Super Newf came back and launched into a hilarious (to him) story about his "Sat'day" and "phone" and "bone" and "sad" and "best friend" and "wife" and "dog" and "snuggle" and "crawled up the bed" and "that's as far as you're gonna get!" but the story was much longer than that, and despite how those words make it seem, it was not X-rated. Plus there were a lot of head movements. Tyler caught the head action and I got the words. We pieced it together after.
The gist (I think) was that he was home on Saturday, and then came back here. The next day he phoned his wife and talked to his dog, too, who directly went and got her bone, but was sad because her best friend(i.e., Super Newf) was gone. He said the first night he got home, he and his wife went to bed (yes, we were that deep into the conversation that quickly), and the dog crawled up between them, snuggled in, as much to say, 'That's as far as you are gonna get!' I think he also said he missed them. He seemed really nice but Lord Almighty, his accent was thick. It's nice that he misses his dog. I'm sure he misses his wife, too.
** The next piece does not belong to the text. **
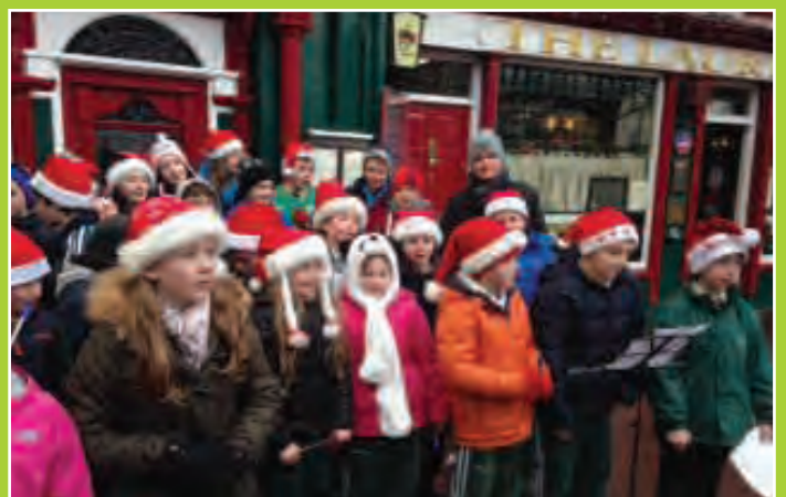
Carol Singing & Flag Day

So we watched the road stuff for awhile and I think we made them self-conscious because they all came over and chatted for awhile. We were just kind of amazed at actually how good they are at what they do. One guy operates the big scooper machine (I don't know what it's called but it looks like it's got a big fist / hand on the front that scoops stuff) and he is pretty brave because sometimes his machine perches precariously over cliff-like drops (at least, it seems so, to me). In addition, he picks up stuff like massive pipes and places them down exactly where they are needed, e.g., that 20' pipe needs to lay on that 4" piece of metal and across that bucket. And he just does it. And if he is off by an inch, he just taps it into place with the scoop, as if the scoop is a broom. No big deal. I can't even do that with a broom. If you don't know anything about heavy machinery, let me educate you: that guy is a big deal. He knows what he is doing and he does it well.
We asked about various worst-case-scenarios regarding the weather and hold-up time regarding getting the work finished, but it looks like the end of October before our road will be normal again. I am going to start wearing colour-blocked shirts and a black cape so that I can really be like Fred / Batman. Maybe I will sit under our front tree with my guitar, too.
Anyway, they got our water all straightened away and we came back into the house, since our curiosity was kind of satisfied. I'm trying to be patient; no fighting, no dramatics and no histrionics although I truly hate having to walk though trees and mud and grass in order to get to my vehicle before I can drive it through a construction site in order to go to work.
I also hate having to search for parking in a field since it kind of feels like I am in 1969, at Woodstock, waiting for the crowd to arrive. But who is saying anything about that? Not me. I'm being patient.
Also, I like having no electricity and no water sometimes. It makes me appreciate them all the more when I do have those luxuries. Who cares about drinking water, heat and bathing, anyway? They are overrated.
But I am not fighting. I am sitting here, caged in, not feeling claustrophobic at all, just hanging out on my couch, on my caged-in street. Where I have to run three houses down and through a back yard and through a park to get to my vehicle.
No big deal. They'll be done in 6 weeks.